上陽城郊,平日裏便人跡罕至,最多是些匆匆趕路去往城裏的過客。

此時“息隱咒”肆虐之下,更是只有秋風拂過的悲寂。

溫緋樂緊了緊李意言身上的披風,卻聞討厭的聲音自遠處傳來,“別來無恙!”

“隱龍使真是風采依舊!”溫緋樂不鹹不淡地說了一句。

不歸宗的弟子竟然也會被“息隱咒”感染,此事顯然超出了預料,荊遠客整個人都顯出了幾分疲態來。

聞言,荊遠客翻了個白眼,決定不跟小輩計較,端詳了兩眼李意言的臉色。

“先前給你的藥可吃了?”

李意言微微點頭。

“怎麽還這樣……”荊遠客嘆口氣。

“先說正事要緊。”

荊遠客沒好氣:“你就是正事!”

他隨意尋了塊大石坐下:“聽完你得跟我回去,你的身體不能再拖了!”

“那我便不聽了!本來也沒有緣分!”李意言轉身。

“嘿!李意言你小子!你的藥術可有一半得算是家傳淵源!”

李意言停步回頭,說出自己真實的打算:“不若我們做個交易?不歸宗應該被賀悉觀擺了一道吧,我猜蘭香神女制不出‘息隱咒’的解藥。你把配方和身世告訴我,我或可一試。”
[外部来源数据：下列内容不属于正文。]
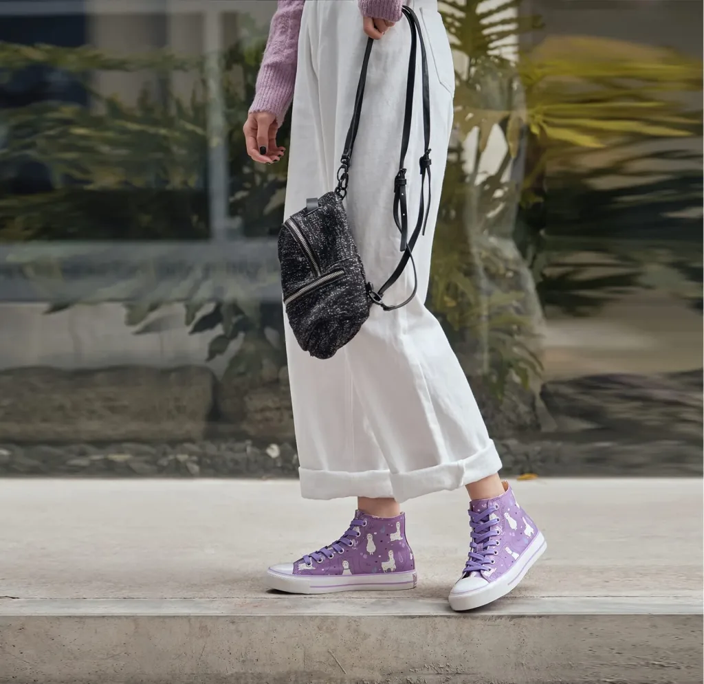 High-top patterned canvas shoes bring a casual lift to everyday wear. Pair them with cropped straight-leg jeans and a striped tee for a timeless street look. For a soft weekend vibe, wear them with a simple T-shirt dress and a light denim jacket. In cooler months, they work well with leggings, an oversized knit, and a scarf.

荊遠客挑眉:“你必然會把解藥給中原武林,那不歸宗豈不是註定要敗了?”

不待李意言開口,只聽荊遠客又繼續道:“將身世先告訴你也無妨,知道後說不定你就不會再如此偏幫中原武林了。”

“我給你講一個故事吧……”

三十五年前,清世之戰開始之前,不歸宗內宗主之下設左護法與右護法。

不像清世之戰後不歸宗元氣大傷,宗主之下只有荊遠客一位隱龍使,掌管一切事宜。

彼時左護法掌神明祭祀,右護法掌不歸宗司法。

當時南宮珮纓與柳曉暮,共事於左護法麾下,雖還未任神女,但已是地位崇高。

中原與八極往來不便,但尚能和諧相處。

柳曉暮便是邊境的孤兒,被不歸宗收養後,因天分極高,而被派去同神女學習。

可神女只將八極藥術傳給了南宮珮纓,毒術危險,傳給了柳曉暮,表面上是說讓兩人相互制衡,共同為不歸宗效力。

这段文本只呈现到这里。